1. Introduction
Members of the Enterobacteriaceae family are feared nosocomial pathogens, especially in high-risk departments such as intensive care, neonatal and burn units. The risk stems mainly from an increasing prevalence of ESBLand AmpC-positive strains and the associated higher risk of failure of antibiotic therapy [1,2]. The growing number of Enterobacteriaceae spp. was also confirmed by data from the University Hospital Olomouc (UHO), Czech Republic. For instance, the percentage of Klebsiella pneumoniae isolates resistant to ceftazidime rose from 16% in 2005 to 40% in 2010 (unpublished data). The main mechanism of this resistance is production of broad-spectrum beta-lactamases, in particular ESBLs, that inhibit the effect of cephalosporin and penicillin antibiotics. Not uncommonly, isolates producing these enzymes are also resistant to other groups of antimicrobial agents such as fluoroquinolones, aminoglycosides, tetracyclines and co-trimoxazole [3,4]. In the UHO, fluroquinolone resistance of Klebsiella pneumoniae isolates increased from 12% in 2005 to 42% in 2010 (unpublished data). Besides Klebsiella pneumoniae strains, the common broad-spectrum beta-lactamase producers include Escherichia coli isolates and, less frequently, Enterobacter cloacae, Serratia marcescens, Citrobacter spp., Proteus spp. and others [5,6].

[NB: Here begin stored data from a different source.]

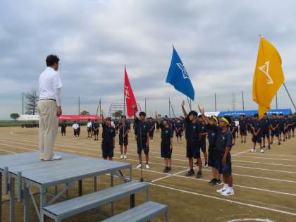 9月18日(水)「第78回運動会」その1 公開日 2024/09/18 更新日 2024/09/18 学校生活 いよいよ運動会が始まります。 開会式では実行副委員長による開会の言葉に続き、各団の団長が力強く選手宣誓を行いました。
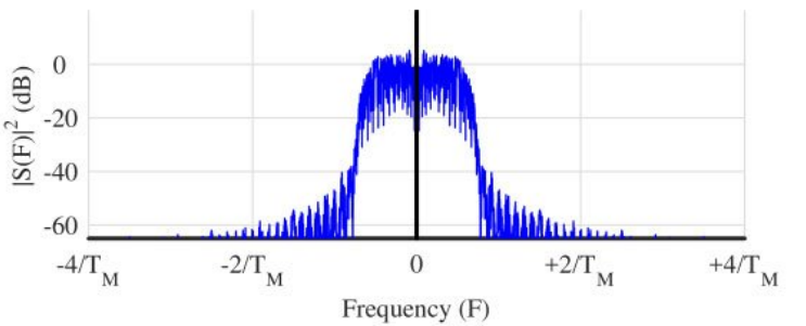 위 그림은 200개의 PAM 변조된 심볼을 SRRC Pulse Shaping 필터링한 신호의 스펙트럼 모양이다.
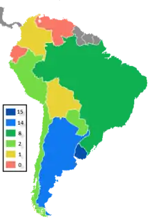 ثمانية منتخبات وطنية فازت بلقب هذه البطولة، ويعد الأوروغواي أكثر منتخب فاز بالبطولة حيث فاز 15 مرة. وأكثر دولة استضافت هذه البطولة هي الأرجنتين استضافتها 9 مرات .
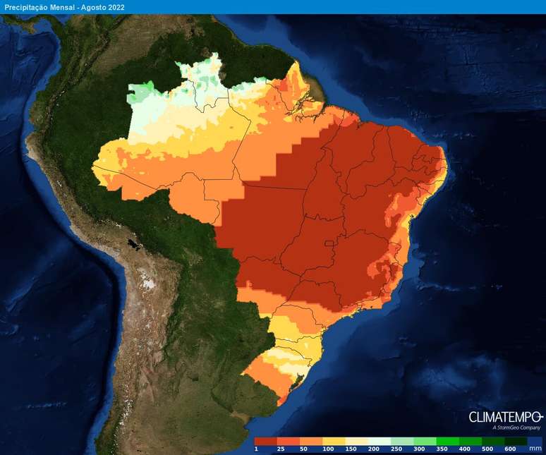 De forma geral, agosto será um mês muito seco, com volumes de chuva abaixo dos 25 mm em toda a região em vermelho mais escuro, e é bastante comum, áreas do centro e interior do país terminarem o mês sem nenhuma chuva.
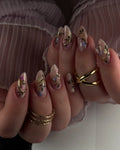 Handmade Romantic Nude Floral Gold Vine Accent Garden Press on Nails G56
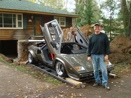 據(jù)俄羅斯新聞網(wǎng)報(bào)道,這名美國人在自家地下室,用時(shí)17年手工打造出自己的超級蘭博基尼跑車。但如何從地下室脫出跑車又成一問題,為此Imhoff不惜墻倒屋塌,專門找來掘土機(jī)在自己房屋下開出一個(gè)大洞,成功將跑車?yán)鰜怼T谶@個(gè)過程中,他唯一擔(dān)心的是砸下了的石頭會(huì)否砸壞他的愛車。
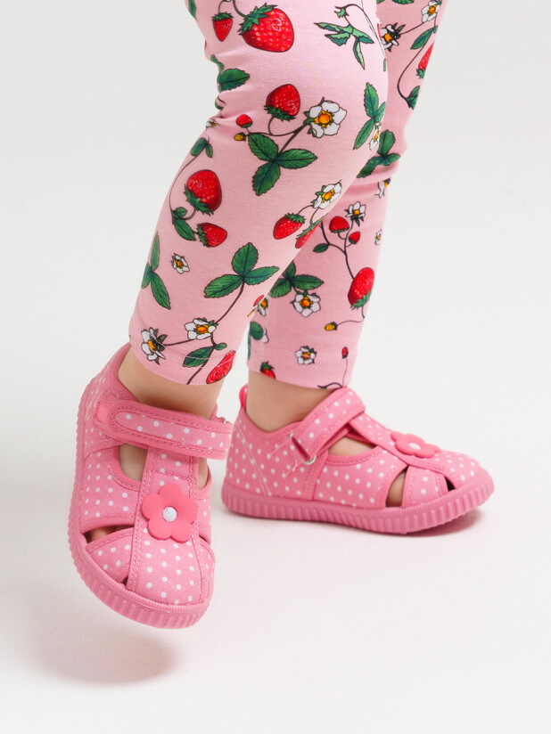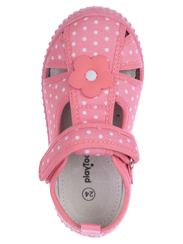 Сандалии из дышащего текстиля. Подкладка выполнена из 100% хлопка. Стелька выполнена из натуральной кожи и имеет анатомический элемент для поддержания свода стопы. Подошва из ПВХ легкая и гибкая.
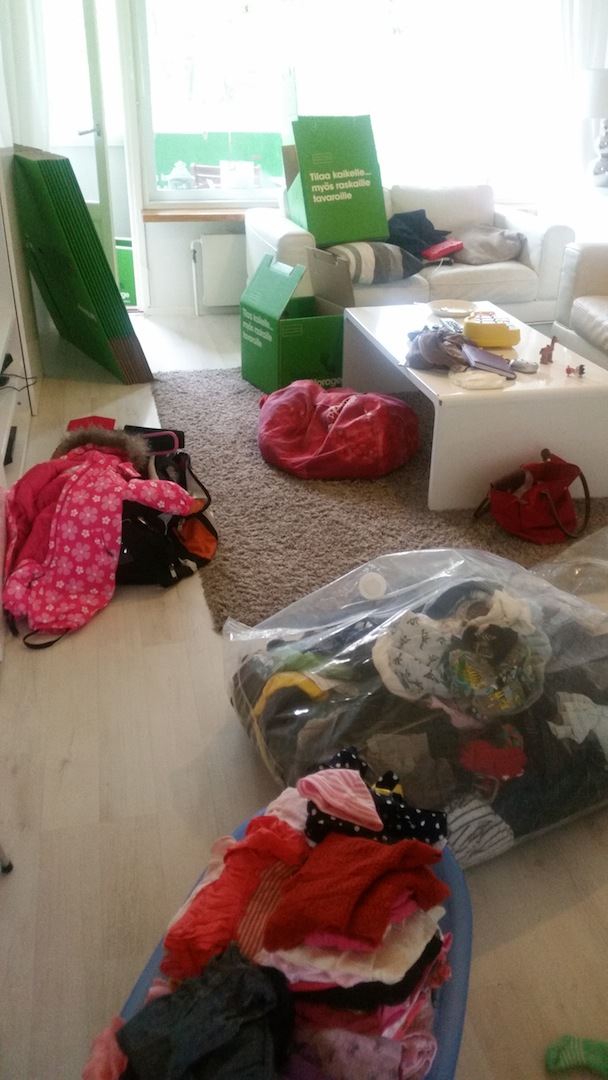 Pari päivää ankaraa pyykkäämistä, järjestelyä ja pakkaamista niin suurin työ (näiden vaatteiden osalta) on tehty. On se vaan hyvä, että me naiset näitä lapsia tehdään ja ollaan äitiyslomalla, en usko et yksikään mies selviytyisi tämän kaltaisesta urakasta edes puolessa vuodessa. Meillä miehen osuus oli hakea nuo vaatepussit kellarista ja sitäkin odottelin kaksi kuukautta. Että kiitos avusta vaan! Se on saletti et siinä vaiheessa kun valmiiksi pakattuja laatikoita aletaan kantamaan niin minä syön sitten pizzaa ja huutelen ohjeita!

The prevalence of ESBL-positive strains also rises in “carrier” Enterobacteriaceae in the human gastrointestinal tract (GIT). Patients in the UHO were found to have 3% prevalence of ESBL-positive Enterobacteriaceae in the GIT in 2007 [7]. Carriage of these resistant bacteria is of particular importance to high-risk patients since they may cause endogenous nosocomial infections and serve as a reservoir for their further spread, including transferable genetic elements.
The potential sources of infection are patients and health care workers. However, suitable vehicles from the hospital environment may also play a role, in particular all wet areas where bacteria survive, e.g. sinks and drains. Most frequently, hand-touch sites are contaminated with Gram-negative bacteria, such as patient charts, tables, telephones and push plates [8]. There is clearly a dynamic relationship between the staff, patients and hospital environment, with bacterial strains being constantly transmitted [9].
With respect to the increasing bacterial resistance to antibiotics, measures have been introduced to lower the risk of nosocomial infections. These comprise antibiotic policy in hospitals including adequate application of antibiotics, proper hygienic disinfection of hands and the environment, isolation of the affected persons, search for contacts and, last but not least, continuous monitoring of resistant strains [10].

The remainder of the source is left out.